Hearing Helpers - Rockford, IL

Woman suffering from ringing in her ears.

Whether or not you hear it periodically or it’s with you all of the time, the ringing of tinnitus can be annoying. There might be a more appropriate word than annoying. Makes-you-want-to-bash-your-head-against-the-desk aggravating and downright frustrating might be better. That noise that you can’t get rid of is a problem no matter how you decide to describe it. So what can be done? Can that ringing really be stopped?

What is Tinnitus And Why do You Have it?

Begin by learning more about the condition that is responsible for the clicking, ringing, buzzing, or roaring you hear. It’s estimated as much as 10 percent of the U.S. population endures tinnitus, which is the medical name for that ringing. But why?

Tinnitus is a symptom of something else, not a condition in and of itself. For many people, that something else is hearing loss. Tinnitus is a side effect of hearing decline. Why tinnitus comes about when there is a change in a person’s hearing is still not clear. That the brain is producing the noise to fill the void is the current theory.

You come across thousands, perhaps hundreds of thousands, of sounds every single day. Some obvious examples are car horns, the radio, and people talking. The sound of air blowing through a vent or the rotating blades of a ceiling fan are not so noticeable. You don’t normally hear these sounds, but that’s only because your brain decides you don’t need to.
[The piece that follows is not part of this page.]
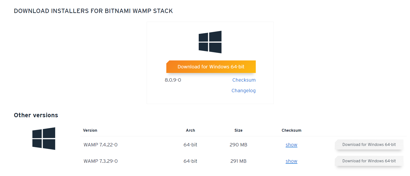 저는 윈도우로 사용할 예정이라 Bitnami사에서 제공하는 WAMP 스택으로 설치해보겠습니다.
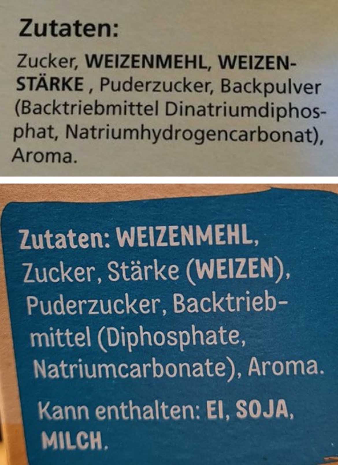 - Die Zutaten der beiden vermeintlich unterschiedlichen Backmischungen selbst sind exakt gleich. Es ist eine aromatisierte Mehl-Zucker-Mischung mit Backtriebmittel, die nunmehr zum stolzen Preis von über 10 Euro pro Kilogramm verkauft wird.

It’s “normal” for your brain to hear these sounds, is the point. Switch half those sounds off and how would the brain react? The part of your brain that deals with hearing gets confounded. It may be possible that the phantom noises that come with tinnitus are the brains way of producing sound for it to interpret because it knows it should be there.

There are also other possible causes of tinnitus, however. It can be connected to severe health issues like:

  • Poor circulation
  • High blood pressure
  • Acoustic neuroma, a tumor that grows on the cranial nerve
  • Meniere’s disease
  • Head or neck trauma
  • Turbulent blood flow
  • Head or neck tumors
  • Temporomandibular disorders (TMJ)
  • A reaction to medication
  • Atherosclerosis

Any of these things can cause tinnitus. After an injury or accident, even though you can hear fine, you may experience this ringing. It’s essential to get checked out by a doctor to determine why you’re experiencing tinnitus before searching for ways to deal with it.

What Can be Done About Tinnitus?

You need to find out why you have it before you can start to figure out what to do about it. Sometimes, the only thing that works is to give the brain what it wants. If tinnitus is because of the lack of sound, make some. The ringing may be able to be shut off by something as basic as a fan running in the background.

Technology such as a white noise generator is made just for this purpose. Ocean waves or falling rain are relaxing natural sounds which these devices simulate. Some have pillow speakers, so you hear the sound as you sleep.

Investing in hearing aids is also a good option. With quality hearing aids, you are turning up the volume of the sounds the brain is looking for like the AC running. Hearing aids normalize your hearing enough that the brain doesn’t need to produce phantom noise.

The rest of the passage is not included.